For consumers, this means that while the March draft offered a glimmer of hope, the current market reality suggests that the final price reductions may be less substantial, or even negated, depending on how wholesale costs evolve in the coming weeks. This situation underscores the ongoing vulnerability of Australian electricity prices to international geopolitical and commodity market shifts.

New DMO Reforms and the Solar Sharer Offer

Beyond the headline price changes, the AER’s draft determination also introduced several reforms designed to enhance consumer protections and promote efficiency. These include requiring the DMO to be based on efficient costs, setting tariff caps for common standing offer types, and maintaining its role as a reference price.

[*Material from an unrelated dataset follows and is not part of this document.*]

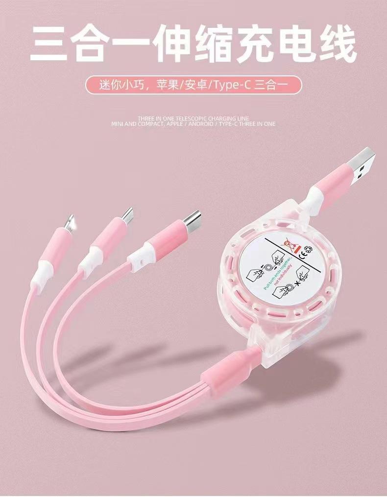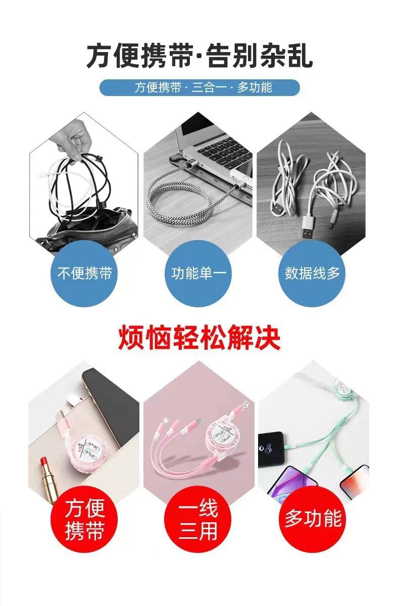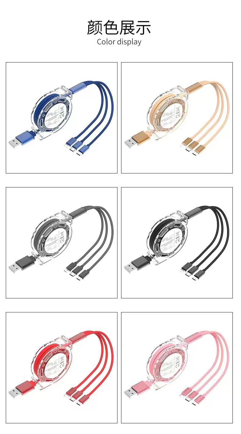 Cable de datos telescópico de uno a tres, cable de carga multicabezal, cargador universal para teléfono móvil, cable de carga rápida tres en uno

Notably, the draft determination introduces the Solar Sharer Offer (SSO), a new opt-in electricity plan. This innovative tariff structure will require retailers with over 1,000 customers to offer three hours of free electricity usage during the middle of the day – typically 11 am to 2 pm in NSW and SE Queensland, and 12 pm to 3 pm in South Australia. This initiative aims to help households, even those without solar panels, take advantage of abundant daytime solar energy and reduce overall system costs. Customers could access up to 24 kWh of free electricity daily during this window. The SSO is designed to encourage load shifting, potentially reducing bills and supporting grid stability.

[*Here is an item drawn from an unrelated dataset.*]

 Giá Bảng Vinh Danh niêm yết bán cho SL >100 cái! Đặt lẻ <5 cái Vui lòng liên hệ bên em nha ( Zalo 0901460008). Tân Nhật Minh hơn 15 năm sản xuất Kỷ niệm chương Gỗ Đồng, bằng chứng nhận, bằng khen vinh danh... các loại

Navigating Future Energy Costs in 2026

With the federal government’s universal energy bill relief payments having concluded in late 2025, and no new federal $150 rebate confirmed for 2026, Australians are increasingly reliant on market mechanisms and state-level concessions to manage their energy bills. The shift away from blanket rebates towards long-term energy independence means households must proactively seek ways to reduce consumption and maximise efficiency.

Consumers are encouraged to shop around for competitive market offers, as the DMO is intended as a safety net rather than the cheapest option. Understanding your energy usage patterns and considering energy-efficient upgrades can provide long-term savings. For insights into reducing heating costs as winter approaches, explore our guide on Winter is Coming: How to Slash Your Australian Heating Bills in 2026 as Energy Rebates End. Additionally, information on state-specific support and concessions can be found in resources like Centrelink Energy Rebates Australia 2026: Your Guide to Expanded Eligibility & Automatic Bill Relief. Investing in Australia’s Top Energy-Efficient Home Upgrades 2026: Maximise ROI as Electricity Bills Soar This Winter can further mitigate the impact of rising costs.

The coming weeks will be crucial as the AER finalises its DMO determination, balancing the initial wholesale price reductions with the recent surge in global energy commodity costs. Australians should remain vigilant and prepared for potential adjustments to their electricity bill expectations for the new financial year.